By: Ellyn Siftar
I’m a 45-year-old mother of four who has spent the past two decades of my life running a household, raising my kids, and working with children and youth in both educational and religious settings.
Several years ago I discerned a call to complete my bachelor’s degree so that I could better serve my community. I began taking a class or two a semester and then enrolled as a full-time student. Writing papers and studying for exams was exhilarating but I also felt like I needed another way of learning, so I decided to take a drawing class.

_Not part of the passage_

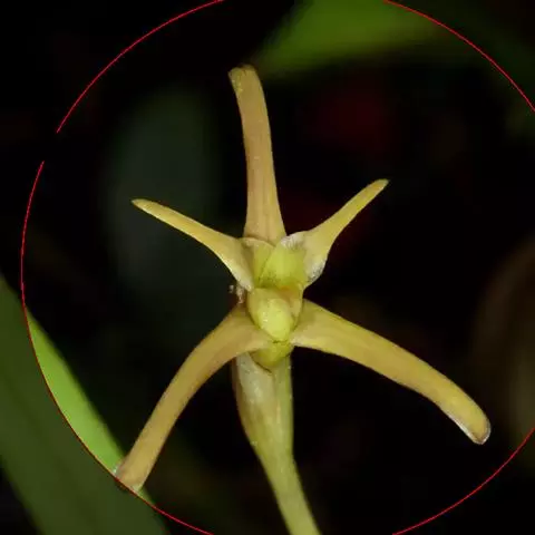 花瓣线状披针形或近线形,长约0.8毫米,宽约0.3毫米;唇瓣位于下方,近披针状三角形或舌状,长约0.7毫米,中部宽约0.6毫米,先端近渐尖,基部两侧有一对横向伸展的耳;耳线形或狭长圆形,长6-7毫米,宽2-3毫米,通常直立;蕊柱粗短,长约0.3毫米。花期4月。

While I had attended an art class or two as a teen, I knew little of the contemporary artists and had minimal experience with formal artistic practices. While the drawing class was lead by a fantastic artist who made each assignment intriguing, I found I was spending more time agonizing over my homework in that drawing class than any other class. The work created a space in my brain and my spirit so that I became more attentive to the world around me. I began to notice that I often take so many things for granted, like the texture of a fern or the shadows under the table at dusk, and the color of the sky. This summer, after realizing how intimidated I was by oil paints, I decided I was going to woo them into a loving relationship by making a daily rendezvous with them.
Each day for forty-five days I selected a few colors and tried my hand at mixing a hue which seemed to match the sky at that moment. In three colors or less, I painted with a brush or palette knife, on one small patch of canvas. This color represented the spit of sky between the neighbors’ garages observable from my window. I found myself slowing down. I noticed things about the sky I hadn’t been aware of since I was a child laying in the grass staring up at the clouds. The daily act of loving attention changed my outlook for that day and beyond. I carried this practice until classes began this fall. The pressure of completing work for my senior thesis consumed me, and around the holidays I began to feel choked, so I felt a little nudge inside telling me to get back to painting. I did a fourteen-day series and this time I was more methodical about cutting the paper and placing an undercoat before the sky colors. This time the process flowed more easily.
After the recent death of a dear friend, I began carving stone in his memory. The stone was heavy and smooth. I cried when I placed it in the bucket of water in my studio several days ago. The weight of the loss was too much to bear. I felt another nudge. Five of the sky paintings were calling to stand above the memorial and make a place to which I could look up. I am grateful for God’s voice in these moments, guiding and steading me along my path.